Wright was born into a protestant family. His father was a preacher of the unitary church, from which he inherited a romantic view, in continuous searching of the universality and the non-conformism. In 1885 he began to study civil engineering at Wisconsin University and worked as a draughtsman for an engineer-constructor. Two years later, in 1887 he was placed in Chicago where he worked for Joseph Lyman Silsbee, an architect of picturesque nature. Shortly afterwards he became a member of Louis Sullivan’s and Dankmar Adler’s studio, and he was responsible for it in 1889. In thid year, he started the construction of his first house, in Oak Park, Chicago (1889-1890).

With Sullivan, he made the Charley’s House in Chicago (1891-1892). But at the same time and independently of his work at Sullivan’s studio, he took part of the construction of the Wainwright Building (1890-1891) and the Schiller Building (1891-1892). In 1893 he broke up with Sullivan and he established on his own account, working as domestic architecture.

In 1901 he began his first great creative phase, the “Prairie Houses” period. In this phase, he made the space a real discipline. His most outstanding works were Susan Lawrence Dana’s House in Springfield ¡1902-1904), Avery Coonley’s House in Riverside (1906-1908) Frederick C. Robie’s House in Chicago (1906) and the unitary temple of Oak Park (1905-1908). He also built the Larkin Company Administration Building in Buffalo, New York (1902-1906) where he tacked the theme of the work space.

Wright published in the Architectural Record magazine in 1908, the called 6 organic architecture principles; although he said he had written them in 1894. The principles are: simplicity and elimination of the superfluous; to each client, his lifestyle and his house style; correlation among the nature, topography and architecture; adaptation and integration of the building in his environment and the harmony of the used materials (conventionalization); material expression; and at least, the analogy between the human qualities and the architecture.

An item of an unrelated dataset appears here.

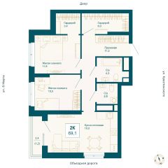 Общая площадь69,1 м²

In 1909 he decided to travel to Europe and he prepared two synoptic publications with the editor Wasmuth in Berlin. In this phase, Wright has already more than 130 works built. He came back to the United States in 1910. In 1922 he was placed in the family lands in Spring Green. Here he planned the called Taliesin House, which would be his house, architecture studio, art gallery and farm. He would extend and modify it during the next years because of two fires in 1914 and 1925.

In 1913 he changed his ornamental language due to European influence and his architecture became more geometric as a consequence, inclusively cubist. This change can be appreciated in the Midway Garden in Chicago (1913-1914) or the Imperial Hotel of Tokyo (1913-1923).

He planned after Mrs. George Madison Millard’s house “The Miniature” in Pasadena (1923), John Storer’s house in Hollywood (1923-1924) and Samuel Freeman’s and Charles Ennis’s houses in Los Ángeles (1923-1924); houses built with reinforced rubblework and walls made of moulding concrete ashlars. But Wright moved to the Arizona desert in 1927, where he found other natural conditions to adapt to. Here he projected a hotel complex in San Marcos, near Chandler, Arizona (1928-1929), which is a growth model that Wright compared with the landscape.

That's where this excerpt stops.